Por Staff
Tlalnepantla, Estado de México, a 22 de octubre de 2025
En la renovación del personal del Cuerpo de Bomberos, Atención Prehospitalaria y Protección Civil pretendida por el gobierno de Tlalnepantla para combatir la presunta corrupción, el alcalde Raciel Pérez fue permisible al uso de insultos, maltratos, burlas, acoso laboral y sexual, y atentados en contra de los derechos humanos por parte de Mara Pamela Arregui Soto Vázquez y el recién destituido, Alejandro Soto Vázquez.
Desde el primero de enero de 2025 la orden de Raciel Pérez, al asumir su segundo mandato, fue directa para los hermanos Soto Vázquez, titulares de Protección Civil y el comandante de Bomberos: realizar el relevo generacional de los cuerpos de emergencia cesando al personal existente sin causas justificadas y vulnerando sus derechos laborales, coinciden extrabajadores de estas áreas.
Hoy se calculan han sido despidos más de 50 personas.
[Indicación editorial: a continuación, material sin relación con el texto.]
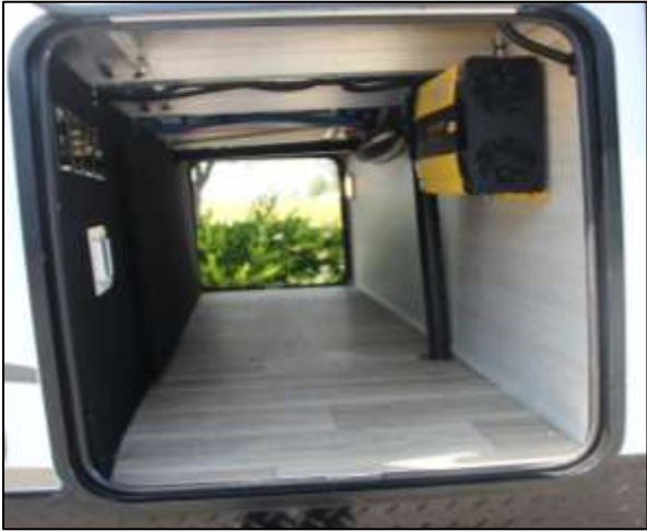
Pass-Thru Front Storage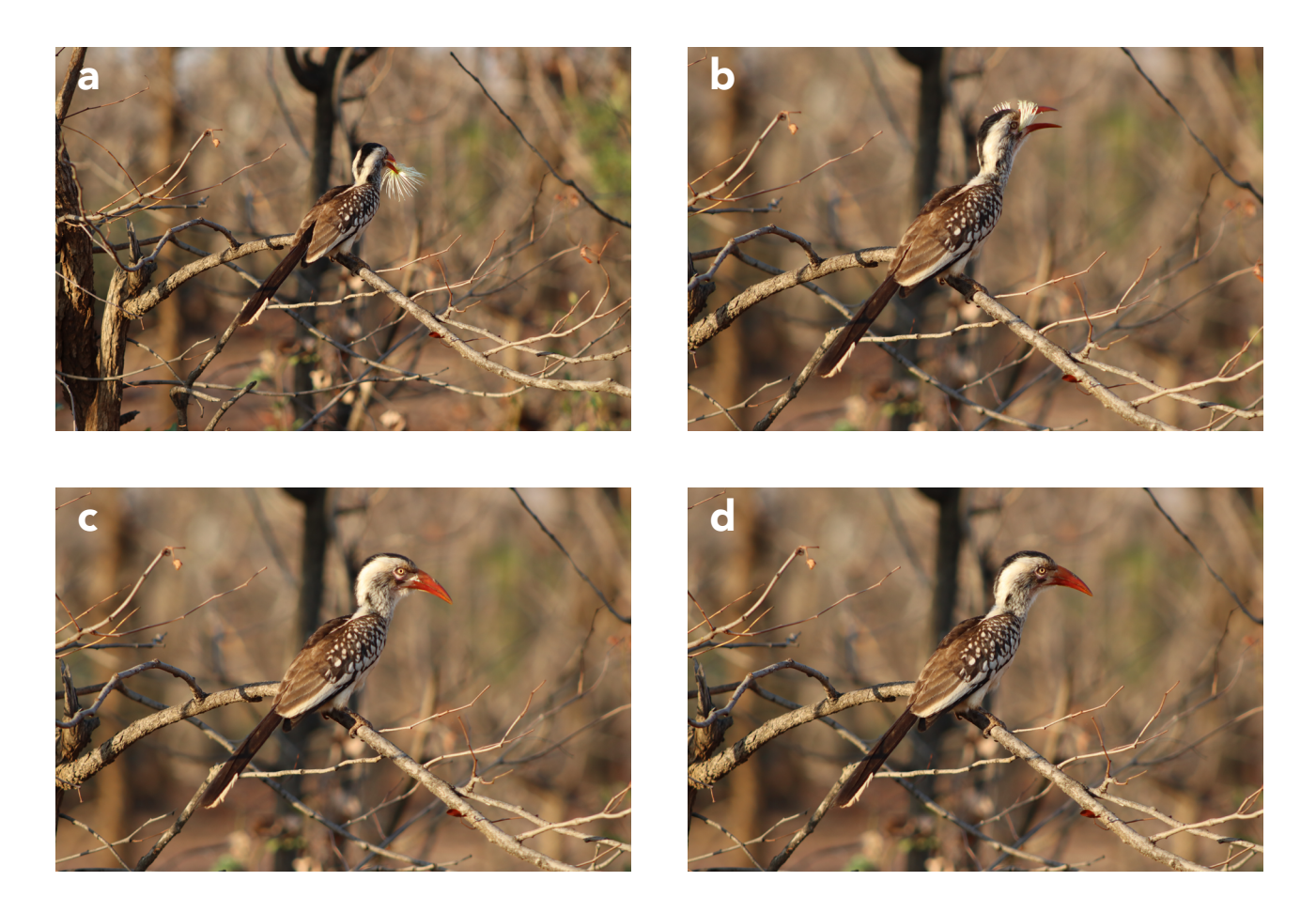
Southern Red-billed Hornbill consumption of a Thilachium africanum flower: the whole sequence took a few seconds. The first photograph is of the bird with the whole flower in the beak (a), next the swallowing begins (b) and the third shows just a few last stamens protruding (c). The final photograph is "satisfaction" (d). This individual was seen outside the gate of the Sereni.

(Santhoshkumar and Balasubramanian, 2014) and Oriental Pied Hornbills Anthracoceros albirostris (https://besgroup.org/2015/11/30/oriental-pied-hornbill-takes-a-flower-bud/). When the literature on flower-feeding observations for the Indian Grey Hornbill was consulted we discovered that these were in the non-breeding season and comprised 0.5% of the feeding observations (~16 out of 3,086) and comprised petals of an unidentified flower. We did not find any reference to flower feeding of the Oriental Pied Hornbill but did find a seemingly single observation of flower feeding by the Great Hornbill Buceros bicornis, with a photograph of it taking a bud from Delonix regia (better known in South Africa as the Flamboyant - a common street tree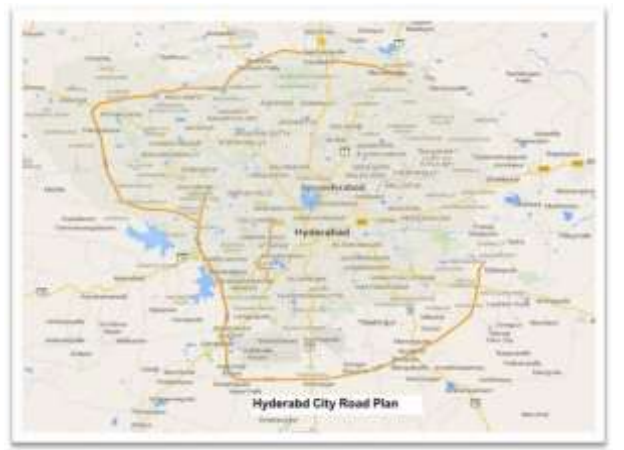
Hyderabad Road Plan

In this identification of pavement stretch in HYDERABAD was done by conducting field trips in Hyderabad and Cyberabad regions. Field Trips means direct on-fields observations to find the distress problems in each place. For this survey the following data was utilized: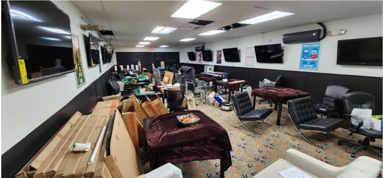
Separate Party Room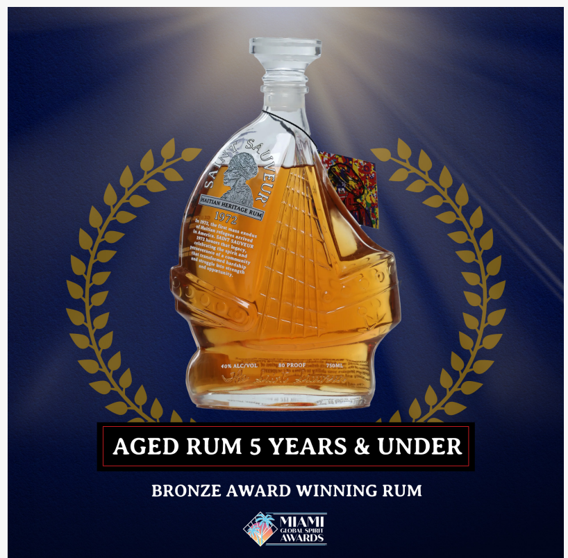
Saint Sauveur 1972 - Bronze Aged Rum 5 Years and Under Winner at Miami Global Spirits Awards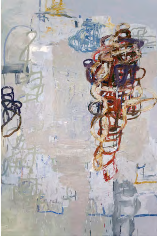
Images: Margaret Evangeline, Bridesmaid (2010), gunshot powder-coated stainless steel; Rehabilitation of Evel Knievel (2011), oil on canvas.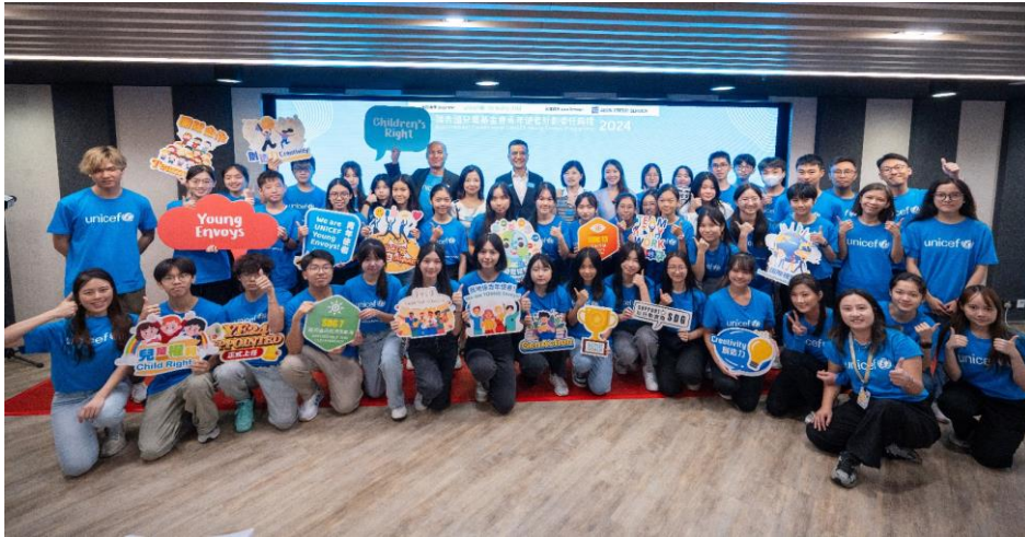
The “UNICEF Young Envoys Programme 2024” was successfully completed with 37 Young Envoys received their appointments.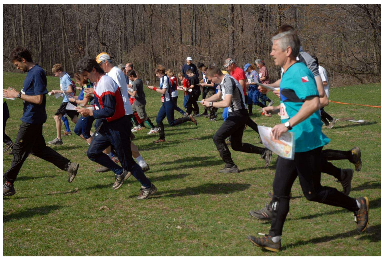
The start of the US Relay Championships, at Mendon Ponds Park.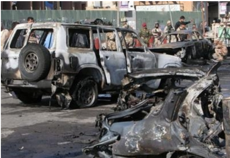
A police vehicle destroyed at the site of a car bomb explosion in Baghdad Dec. 26, 2005.

December 26, 2005 By JASON STRAZIUSO, Associated Press Writer & The Canadian Press & MNF Release A051226a & Reuters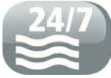
Permanent water drainage tube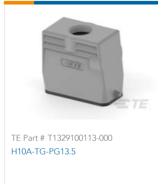
TE Part # T1329100113-000 H10A-TG-PG13.5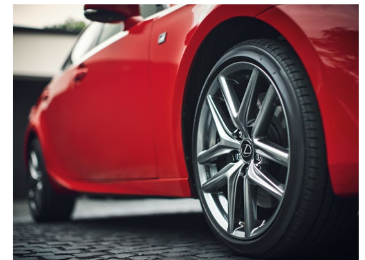
IS F SPORT shown with Rioja Red NuLuxe and Silver Performance interior trim // Options shown

Exclusive 18-inch alloy wheels 26 feature a dynamic split-spoke design inherited from the LFA, and pair with high-friction brake pads 27 designed to offer greater responsiveness and reduced fade.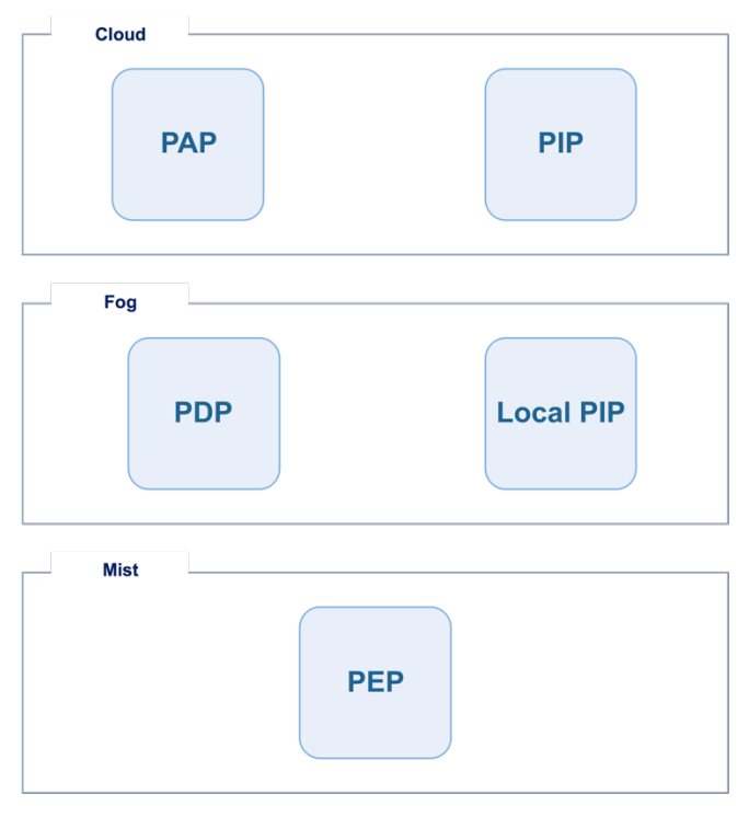
Fig. 2. Components placement

In the IoT reference by ITU [29], edge devices can communicate either directly with the upper layers or through a gateway node. Regarding PEP deployment, it can be either integrated with the device or with the gateway. Integrating PEP in a gateway enables support for joining proprietary or other devices that cannot be natively controlled. Moreover, access control in the industrial environment can heavily rely on mist implementation directly into the edge network fabric [14], thus potentially eliminating any latency or connectivity issues. An indicative component placement is presented in Figure 2.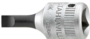
01280010 Screwdriver socket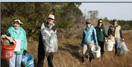
A Coast that is Free of Marine Debris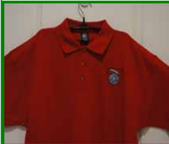
Polo Shirts $25 Call for Colors

Lamentan que se deseche la experiencia de aquellos que se les ha solicitado su renuncia sin motivo aparente y, sustituido por jóvenes que no cuentan con la experiencia necesaria.
Tan solo en el área de atención prehospitalaria, denuncian, las y los paramédicos no tienen aún la solidez necesaria en manejo de crisis y situaciones de emergencia, ni conocen el territorio municipal, lo que les representa un riesgo, incluso para ellas y ellos. Calculan que más de 70 por ciento del personal prehospitalario está en estas condiciones.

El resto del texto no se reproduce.